The flexibility introduced in the discovery of facts and dimensions allows us to analyze data that have complex relations, which escape to the traditional multidimensional model and cannot be otherwise analyzed. Moreover, instead of building a huge, one time data warehouse, our method for fact and dimension extraction is based on several indexes and precomputed data, which allows us to efficiently materialize only the facts and dimensions required by an analytical query. This provides up-to-date, dynamic and customized results to the user.
Conclusion and future work
The analysis framework developed in the dissertation constitutes a powerful tool that can be used in several domains (healthcare, business, etc.) to analyze semantic data in sophisticated ways until now unseen.
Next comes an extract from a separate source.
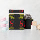 This silly and nerdy birthday-themed wrapping paper design features a large number "65" having a red seven segment digital display style appearance, along with the message "Happy 65th Birthday," and a personalised name in nerdy retro style yellow text, on a black coloured background. Wrapping paper like this might be used when giving a gift or present in honour of somebody’s 65th birthday. [~Z0000387]
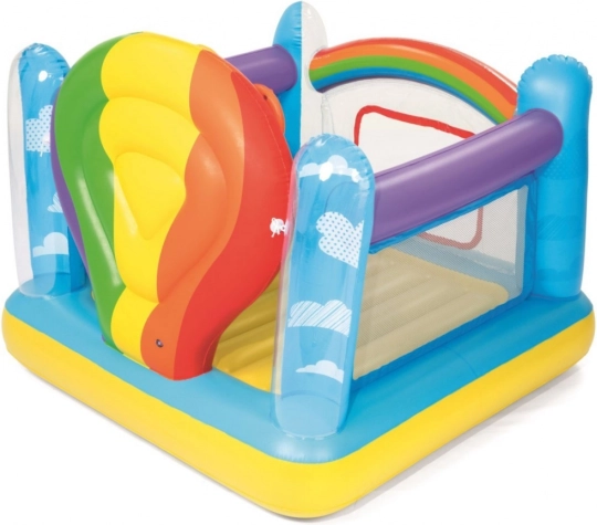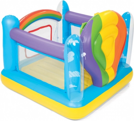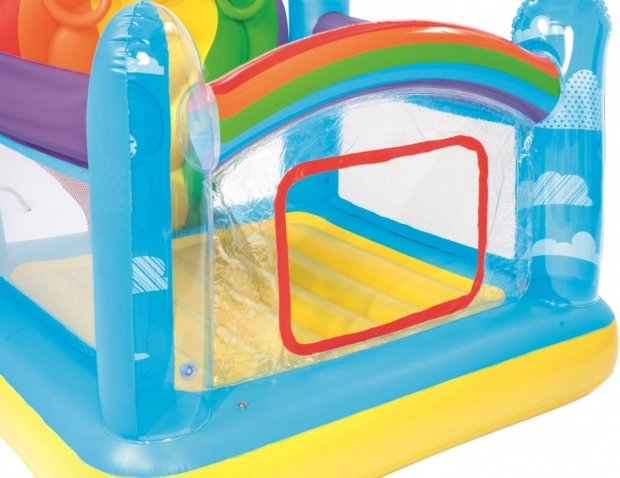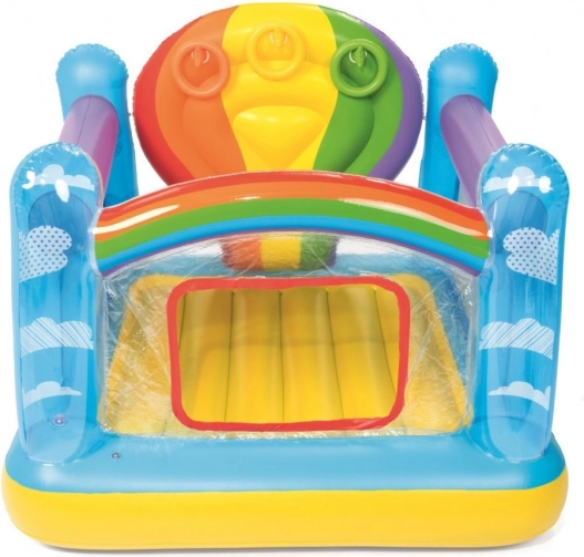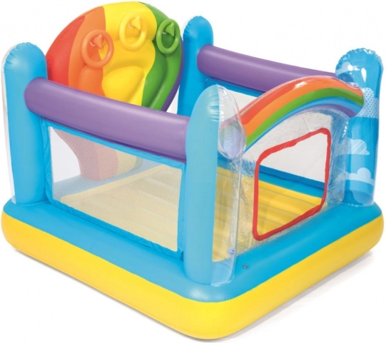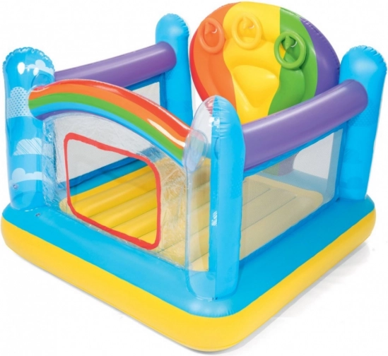 | - robuste, farvede sidevægge, - legepladsen giver dit barn mulighed for at hoppe og springe på en holdbar oppustelig pude, - sikkerhedsventiler, - slidstærk, testet vinyl, - farverigt, interaktivt hoppeområde, - vindue for nem indgang, - kasteringe på kroge i sidevæggene, - tre oppustelige ringe medfølger i sættet. | |

The developed use case shows the analytical potential of the framework and the experiments validate the viability of the proposal and demonstrate the efficiency of the developed methods.
There are several lines of future work that involve the enhancement of the indexes, the inclusion of properties in the modularization approaches, the definition of new types of aggregation paths, among others. In a broader sense, the success of the developed methods encourages us to widen the analysis perspectives on SW data to other kinds of analysis that aid decision making, specially data mining techniques.